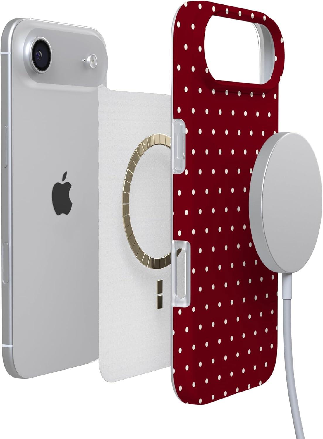Casely iPhone 17 Air Case | Coastal Checkers | Pura Vida | Compatible with MagSafe | Classic Ultra Slim Design(On the Dot | Maroon Polka Dot)
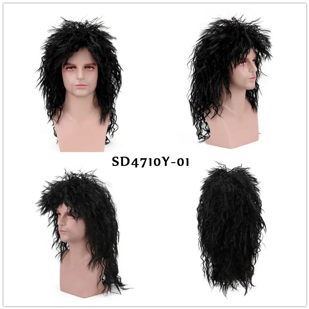 Синтетический парик Free Beauty, Короткие вьющиеся коричневые хиппи мужские 60s 70s, пушистые хиппи волосы с повязкой на голову для тематической вечеринки в стиле древесного склада
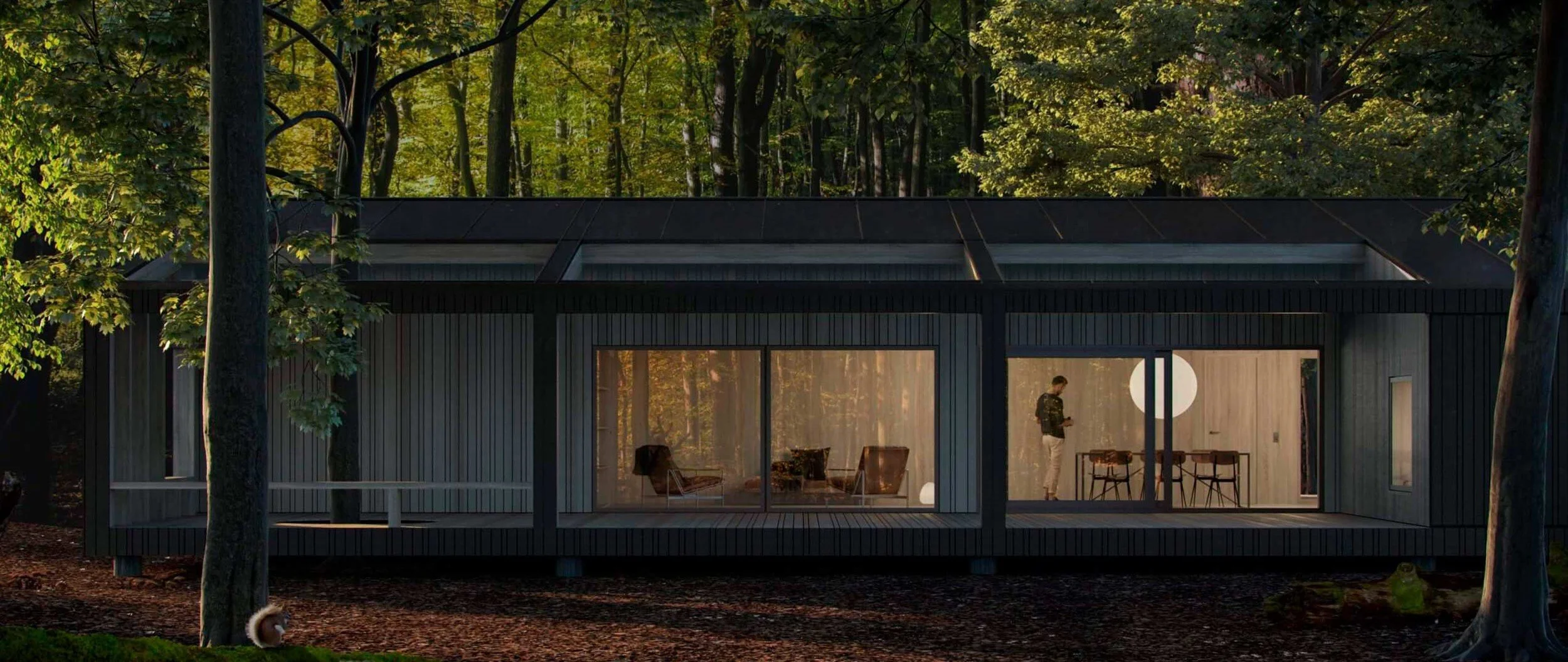 Modulhusene udføres i træ og bæredygtige materialer fra inderst til yderst. Modulerne på 48 m² kan sættes sammen og kombineres i forskellige former – og skaleres op fra et sommerhus til sociale boenheder og en hel landsby
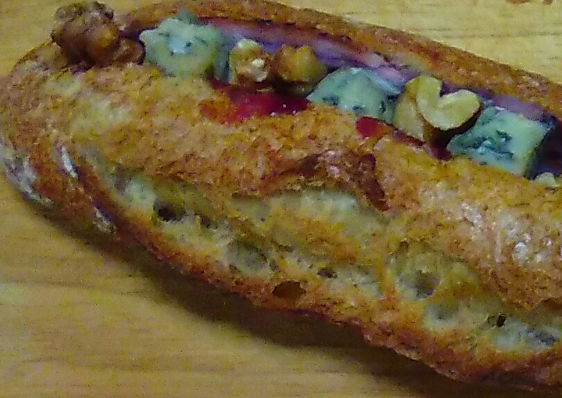ハードパンに、青カビのチーズのゴルゴンゾーラと、パストラミビーフ、くるみ(ウォールナッツだったかも?)が挟まれており、中にはラズベリーソースも。
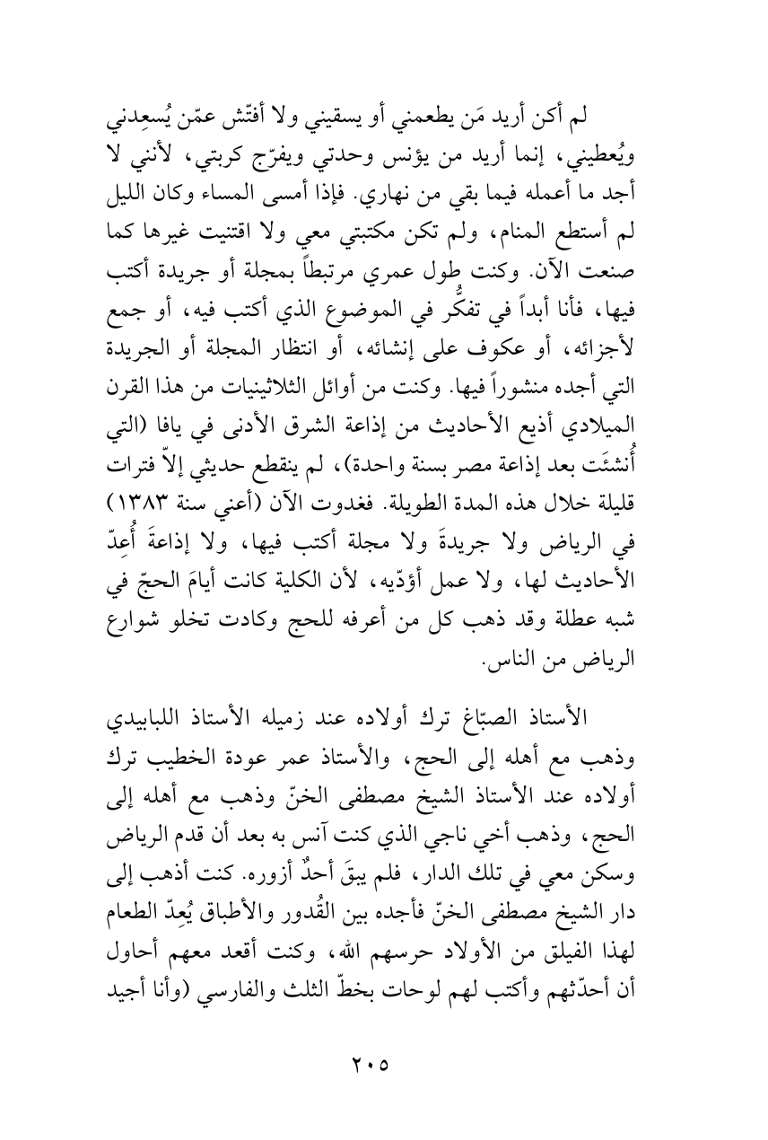 الأستاذ الصبّاغ ترك أولاده عند زميله الأستاذ اللبابيدي وذهب مع أهله إلى الحج، والأستاذ عمر عودة الخطيب ترك أولاده عند الأستاذ الشيخ مصطفى الخنّ وذهب مع أهله إلى الحج، وذهب أخي ناجي الذي كنت آنس به بعد أن قدم الرياض وسكن معي في تلك الدار، فلم يبقَ أحدٌ أزوره. كنت أذهب إلى دار الشيخ مصطفى الخنّ فأجده بين القُدور والأطباق يُعِدّ الطعام لهذا الفيلق من الأولاد حرسهم الله، وكنت أقعد معهم أحاول أن أحدّثهم وأكتب لهم لوحات بخطّ الثلث والفارسي (وأنا أجيد
▬▬▬▬▬▬▬▬▬▬
• _Work task_:
Everything in the entries except the images must be copied exactly.

• _Your solution_:
Casely iPhone 17 Air Case | Coastal Checkers | Pura Vida | Compatible with MagSafe | Classic Ultra Slim Design(On the Dot | Maroon Polka Dot)
 Синтетический парик Free Beauty, Короткие вьющиеся коричневые хиппи мужские 60s 70s, пушистые хиппи волосы с повязкой на голову для тематической вечеринки в стиле древесного склада
 Modulhusene udføres i træ og bæredygtige materialer fra inderst til yderst. Modulerne på 48 m² kan sættes sammen og kombineres i forskellige former – og skaleres op fra et sommerhus til sociale boenheder og en hel landsby
ハードパンに、青カビのチーズのゴルゴンゾーラと、パストラミビーフ、くるみ(ウォールナッツだったかも?)が挟まれており、中にはラズベリーソースも。
 الأستاذ الصبّاغ ترك أولاده عند زميله الأستاذ اللبابيدي وذهب مع أهله إلى الحج، والأستاذ عمر عودة الخطيب ترك أولاده عند الأستاذ الشيخ مصطفى الخنّ وذهب مع أهله إلى الحج، وذهب أخي ناجي الذي كنت آنس به بعد أن قدم الرياض وسكن معي في تلك الدار، فلم يبقَ أحدٌ أزوره. كنت أذهب إلى دار الشيخ مصطفى الخنّ فأجده بين القُدور والأطباق يُعِدّ الطعام لهذا الفيلق من الأولاد حرسهم الله، وكنت أقعد معهم أحاول أن أحدّثهم وأكتب لهم لوحات بخطّ الثلث والفارسي (وأنا أجيد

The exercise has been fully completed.